BRANDON, Fla. (WFLA) – Stephanie Scolaro says her father was larger than life, a man who never met a stranger – a man who decided at a young age to devote his life to helping others.
That’s the kind of person Dr. Sam Scolaro was.
In fact, when he introduced himself, Stephanie says, “He was just Sam. No doctor this or that. He’d say, ‘Hi, I’m Sam Scolaro.’ He was just Sam.”
At 75-years-old, the longtime Tampa Bay area physician still treated patients every day knowing he was in a high-risk group with his age, but he said he knew his patients were counting on him.
“The man woke up happy. Every day, with a smile on his face,” his daughter explained. “I mean, he was happy all the time.”
Even amid the pandemic, Dr.

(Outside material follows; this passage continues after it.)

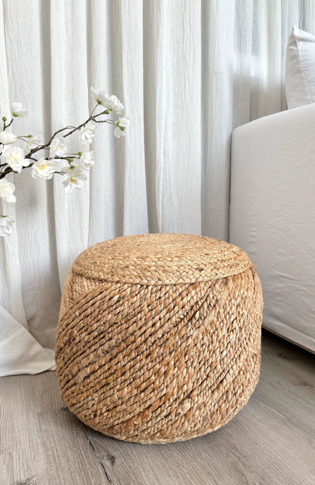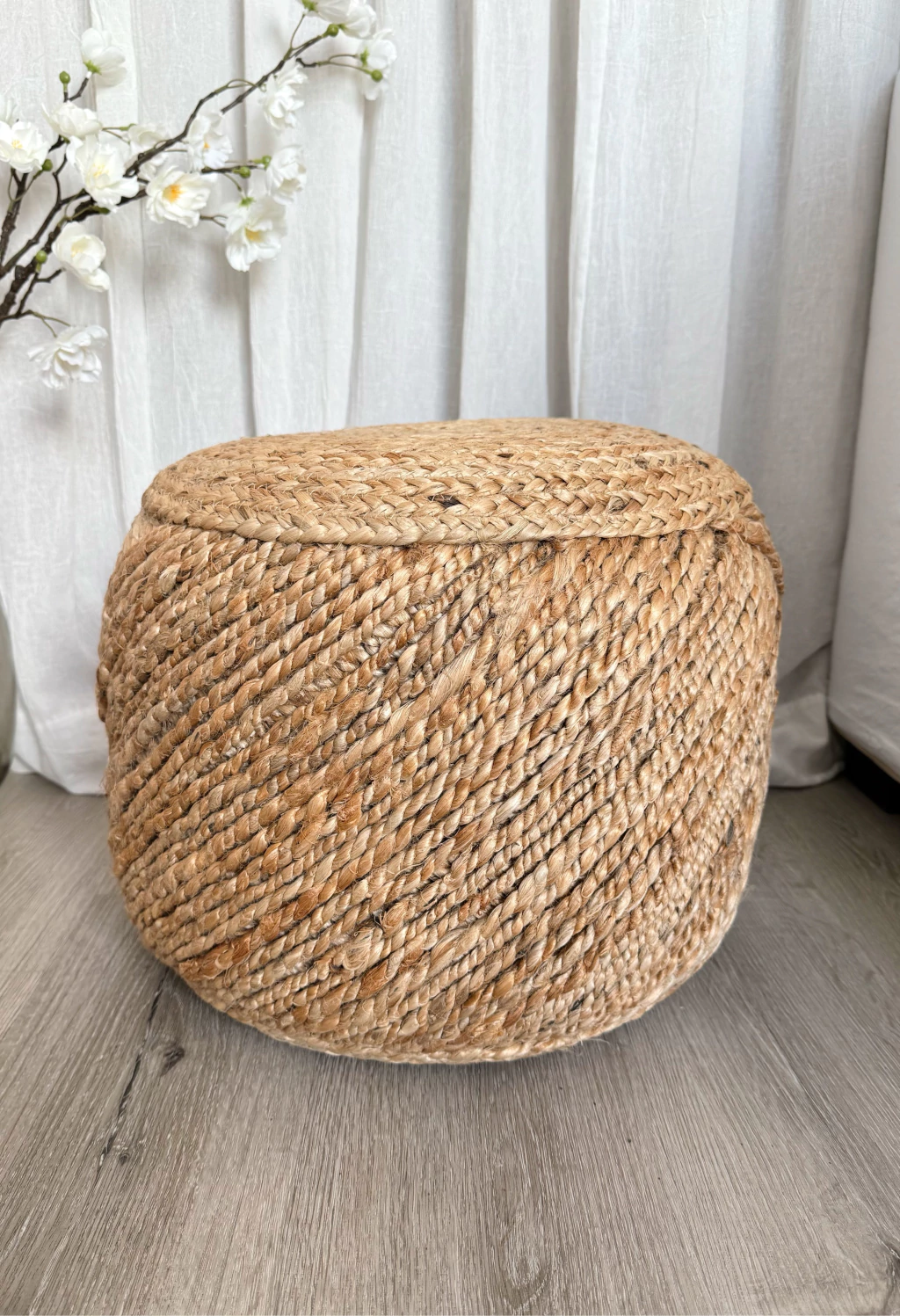 Puff Jabelle 40x30cm. Fabricado en India con 100% yute natural cruzado, este puff redondo es una opción ecológica y resistente. Sus medidas de 40x30cm lo hacen ideal como asiento auxiliar o apoyo decorativo. Aporta calidez y autenticidad a cualquier espacio, fusionando diseño y funcionalidad con materiales sostenibles y duraderos.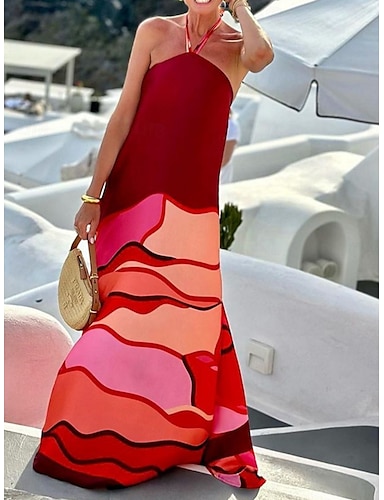 Жен. длинное платье платье макси Повседневное платье Платье в стиле 50-х годов Классика Современное Отпуск Повседневные Свободное облегание Графика Рукав до локтя Глубокий V-образный вырез

Scolaro preferred seeing his patients face to face as he wore head-to-toe personal protective equipment. He appreciated telemedicine but ultimately wanted to be able to look his patients in the eye.
“I want to see their faces,” he told his daughter. “Maybe I would miss something if they were just on the television monitor. If I see them face to face, I will know how to help them, to treat them. I want them to be healthy.”
It was his passion, with a simple goal – to make sure his patients got better, never knowing he would soon be facing similar circumstances after testing positive for COVID-19 in late June, on the very day he and wife celebrated 53 years of marriage.
This larger-than-life beloved physician would spend five weeks hospitalized, fighting for his life.
Stephanie says there were signs of hope along the way where he’d often rally. Then, the complications would come back stronger and even more severe.
“That’s what so scary about this, we don’t fully know what it does to the body. And, if you’re immune-compromised, while you’re trying to get better and fight the virus, there’s other things going on with your body.”
Dr. Scolaro’s eldest daughter, Stephanie, who worked with him side by side in his practice for 30 years, says she feels lost without him. It is, by far, she says the most difficult thing she’s been through, even more so than going through breast cancer.
He was her rock, she says, the entire time, along with her mother and family members.
To lose her hero, Stephanie tells 8 On Your Side, feels like an ache in her heart that will never heal.
“I don’t think I’ll ever be the same,” she said with tears in her eyes. “I feel like a broken compass. I saved all his voicemails. I still have all his voicemails saved.”
Stephanie and her family say they are unable to hold a public memorial since he died from coronavirus complications. Family members say they’ve been inundated with kind words and prayers from countless people who knew Dr. Scolaro.
His patients, family members say, were so important to him.
“He said that when he was 20-years-old, and he finally decided he would be a doctor, he made a promise to God that he would serve his patients until the day he died. And, literally, that’s what he did. He was thinking about all of his patients and trying to get better so he could get back to serving them,” Stephanie told us.
Dr. Scolaro worked right up until the point he tested positive for COVID-19, after battling for more than a month from complications due to COVID-19, doctors wanted to try one final treatment last Thursday and decided to transfer him to another local hospital.
But, it was too late. Stephanie says her family got the call on Friday.
“You could tell it was his time, we knew,” she explained. “He would not want to, if he came out of it, he was in multi-organ failure. He would not have been himself if he came out of it.”
Born and raised in Ybor City, Dr. Scolaro fell in love with Tampa Bay at an early age and never left. He married his sweetheart, had two daughters and watched his grandchildren grow up which brought him endless happiness.
He was a man who dedicated his life’s work to healing, telling his family he hopes the medical community will continue doing during this pandemic and beyond.